Shipping firms face battle for survival in 2016

Shipping firms face battle for survival in 2016

Shipping companies that transport commodities such as coal, iron ore and grain face a painful year ahead, with only the strongest expected to weather a deepening crisis caused by tepid demand and a surplus of vessels for hire.

The predicament facing firms that ship commodities in large unpackaged amounts – known as dry bulk – is partly the result of slower coal and iron ore demand from leading global importer China in the second half of 2015.

Symeon Pariaros, chief administrative officer of Athens-run and New York-listed shipping firm Euroseas, said the outlook for the dry-bulk market was “very challenging.”
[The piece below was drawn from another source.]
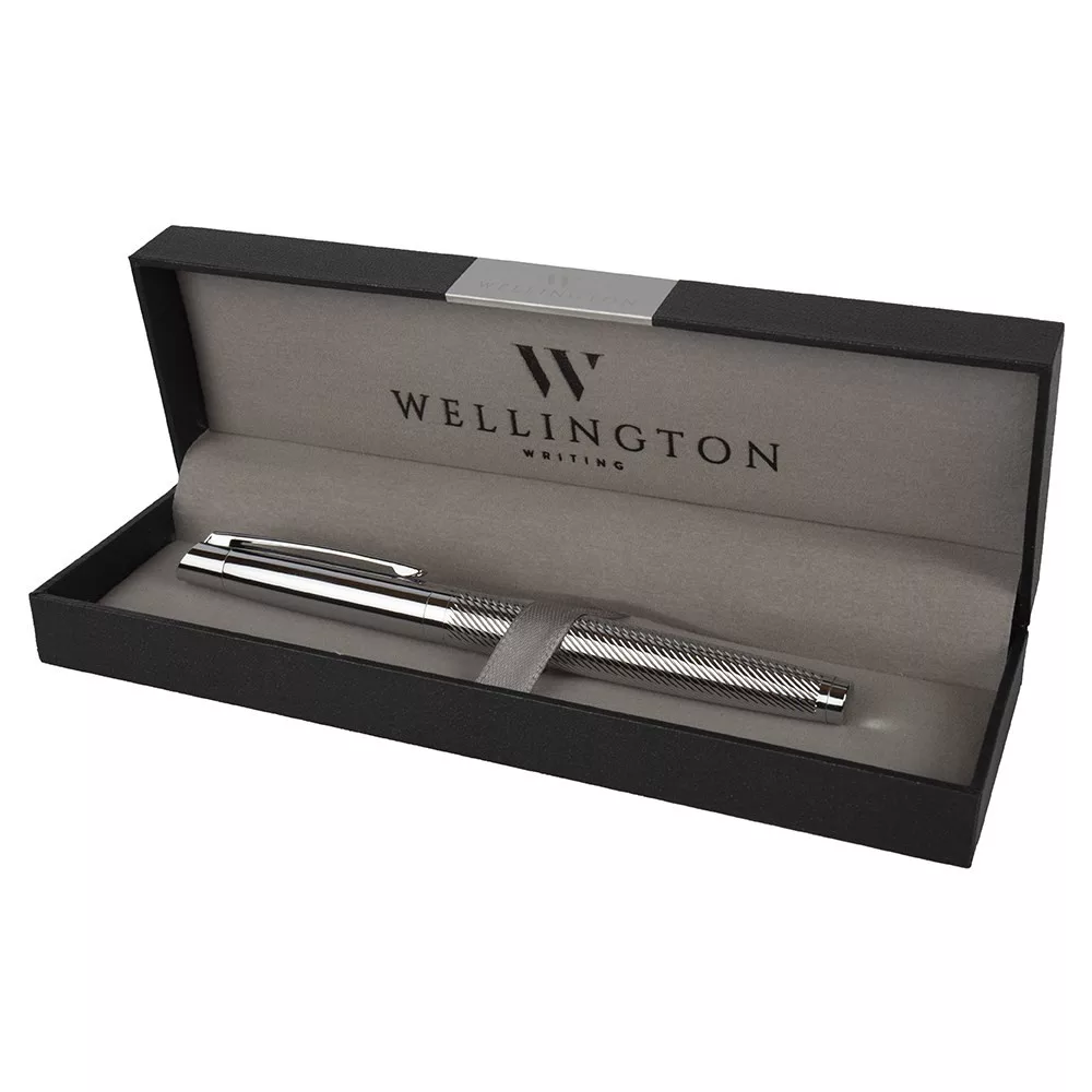 Pérmium minőségű Wellington rollertoll ezüst színben, díszdobozban.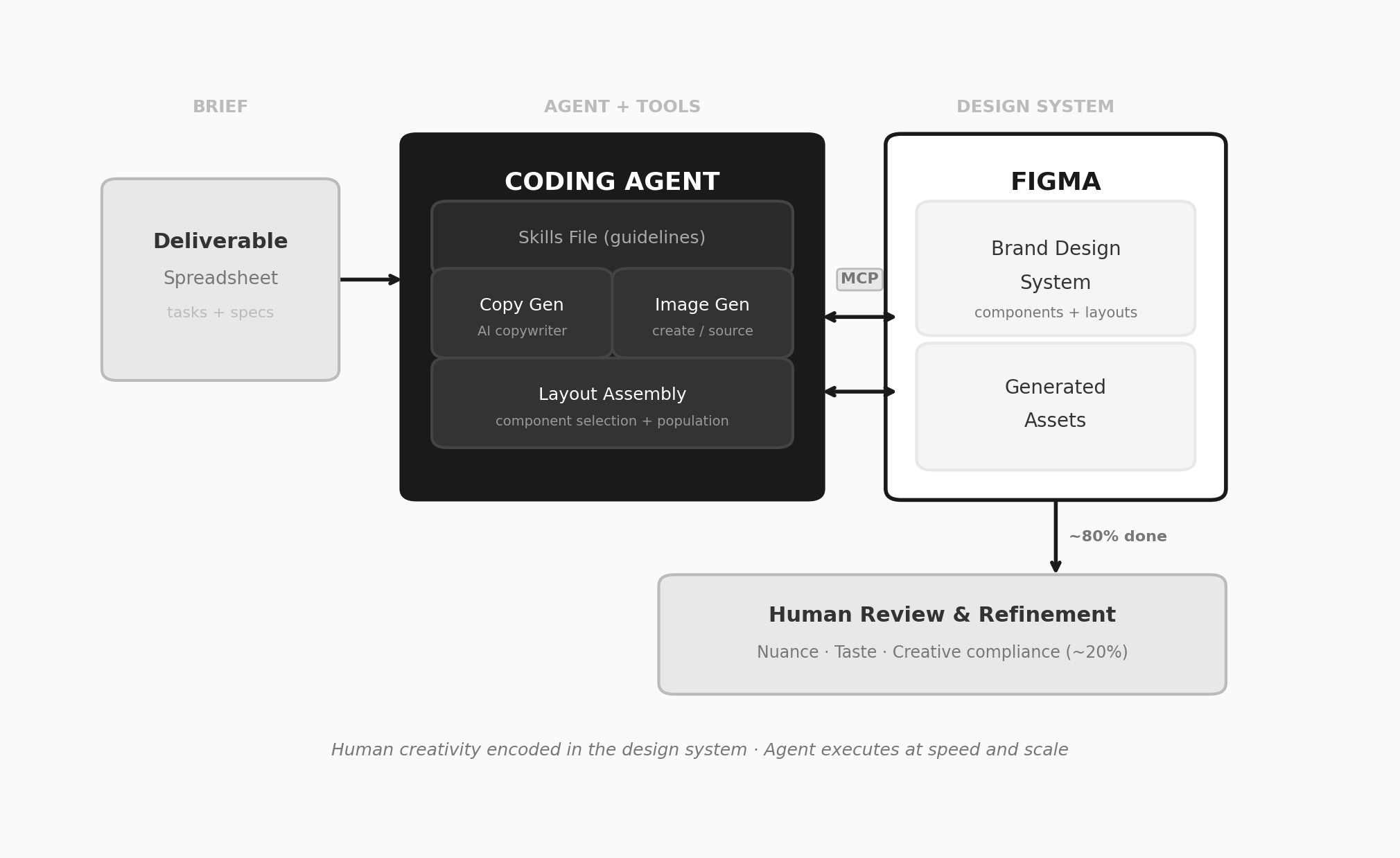We’ve been connecting a coding agent to Figma — through a custom plugin that bridges the two using Figma’s MCP capability and design editing APIs. The agent can read file structures, understand components, manipulate layers, swap content, and adjust layouts. It operates Figma much like a human designer would — just faster.

“Demand fundamentals are so weak. The Chinese economy, which is the main driver of dry bulk, is way below expectations,” he added.

“Only companies with very strong balance sheets will get through this storm.”

“The state of the dry-bulk market especially indicates that economies worldwide are likely to stay weak, much to the disappointment of central banks… FX traders, miners, steel makers, trading houses, and commodity economies,” said Basil Karatzas, head of New York consultancy and brokerage Karatzas Marine Advisors & Co.

Ratings agency Fitch downgraded the shipping sector to negative, from stable, this month due to slowing global trade and an economic slowdown in emerging markets, adding that dry bulk would remain under pressure.